Repeat the records below exactly from the line containing "Death sentence of" to the line containing "Modification of Astrokey44's", taking in both of those lines. Drop the pictures.
*** Recorded data ***
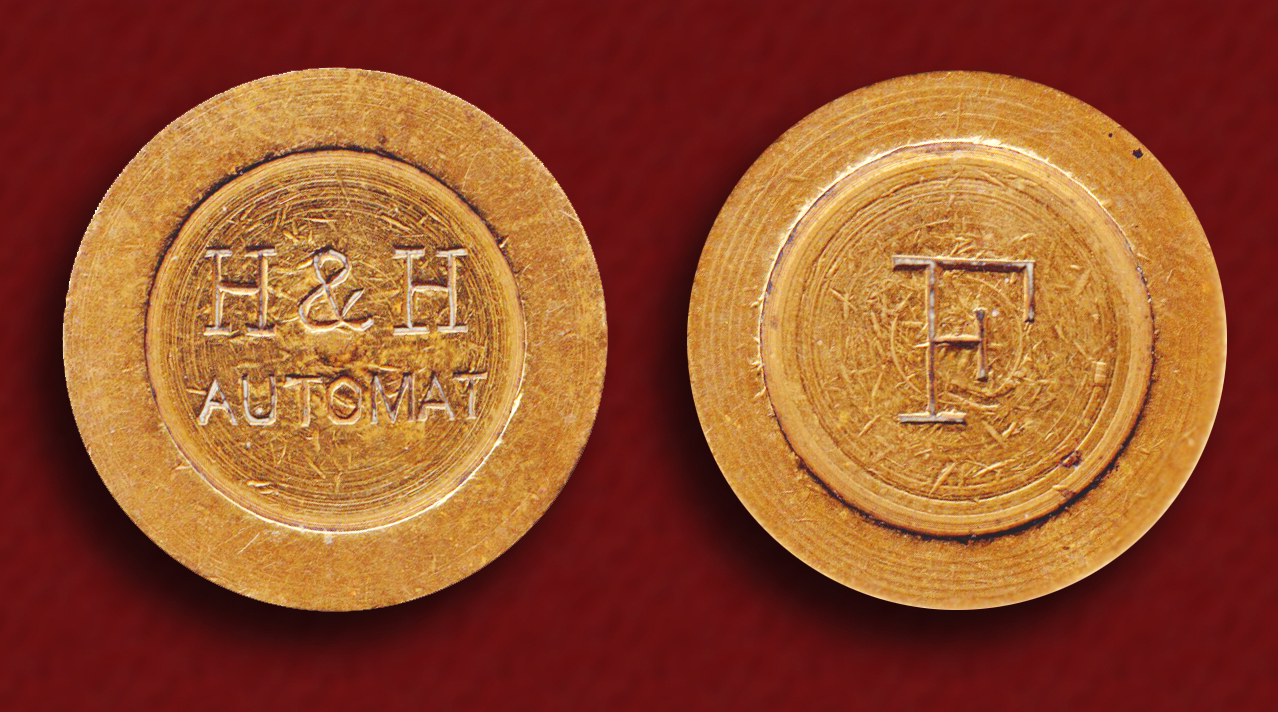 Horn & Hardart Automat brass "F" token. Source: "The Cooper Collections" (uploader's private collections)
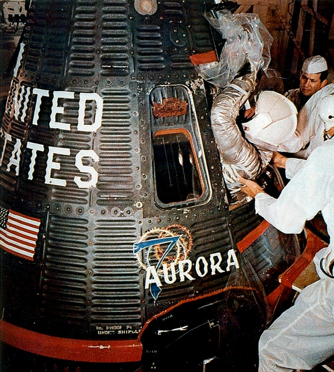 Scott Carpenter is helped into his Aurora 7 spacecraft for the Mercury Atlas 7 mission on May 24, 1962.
*** End of Recorded data ***
*** Recorded data ***
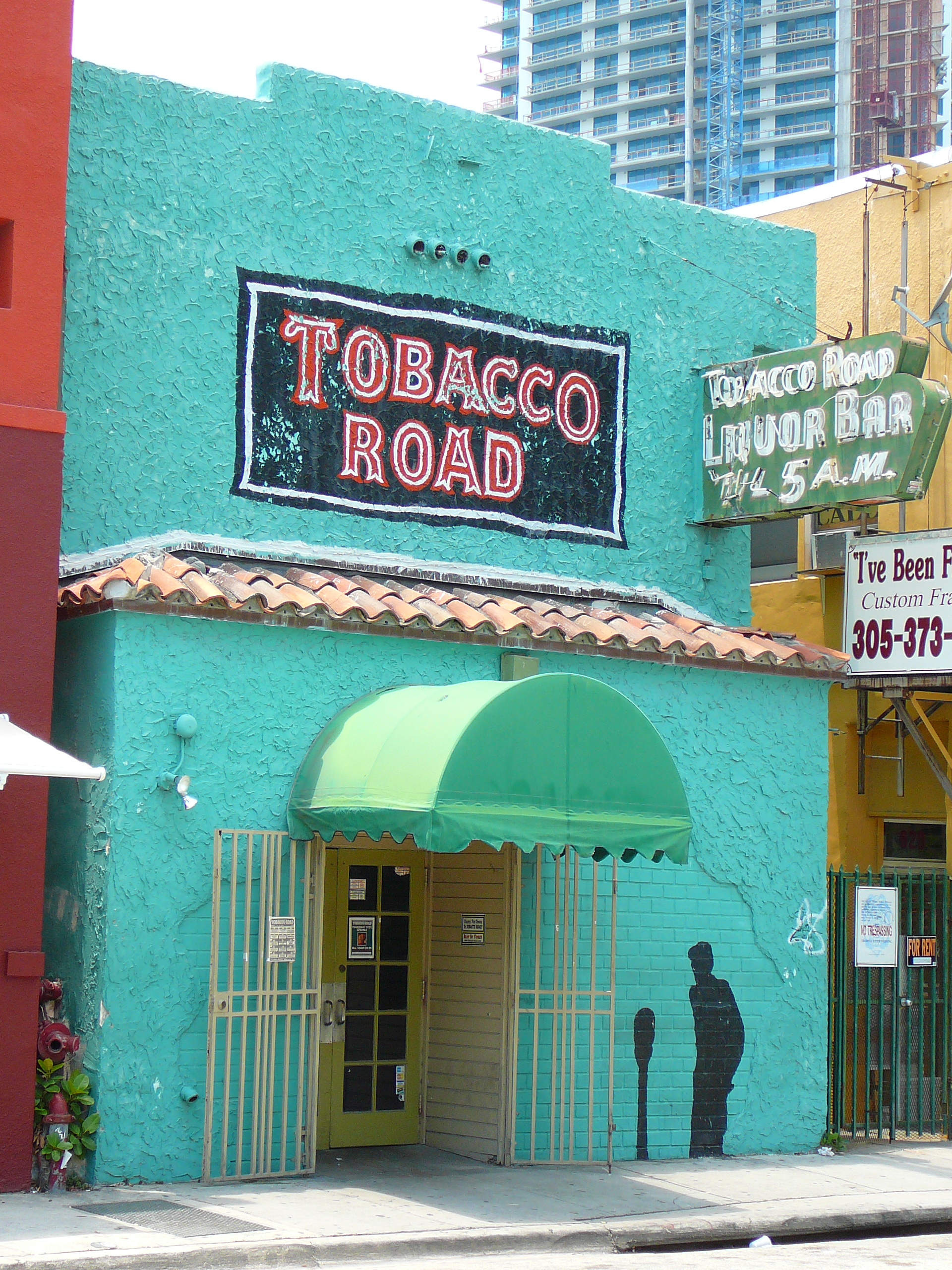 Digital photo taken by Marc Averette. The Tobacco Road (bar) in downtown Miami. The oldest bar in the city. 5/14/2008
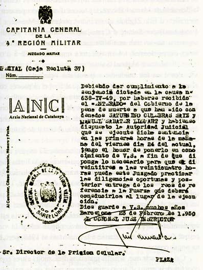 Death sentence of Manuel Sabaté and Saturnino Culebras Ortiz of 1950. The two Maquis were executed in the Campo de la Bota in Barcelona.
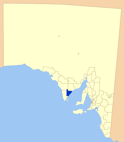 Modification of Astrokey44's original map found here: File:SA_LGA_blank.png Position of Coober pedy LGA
*** End of Recorded data ***
_Written response_.
 Death sentence of Manuel Sabaté and Saturnino Culebras Ortiz of 1950. The two Maquis were executed in the Campo de la Bota in Barcelona.
 Modification of Astrokey44's original map found here: File:SA_LGA_blank.png Position of Coober pedy LGA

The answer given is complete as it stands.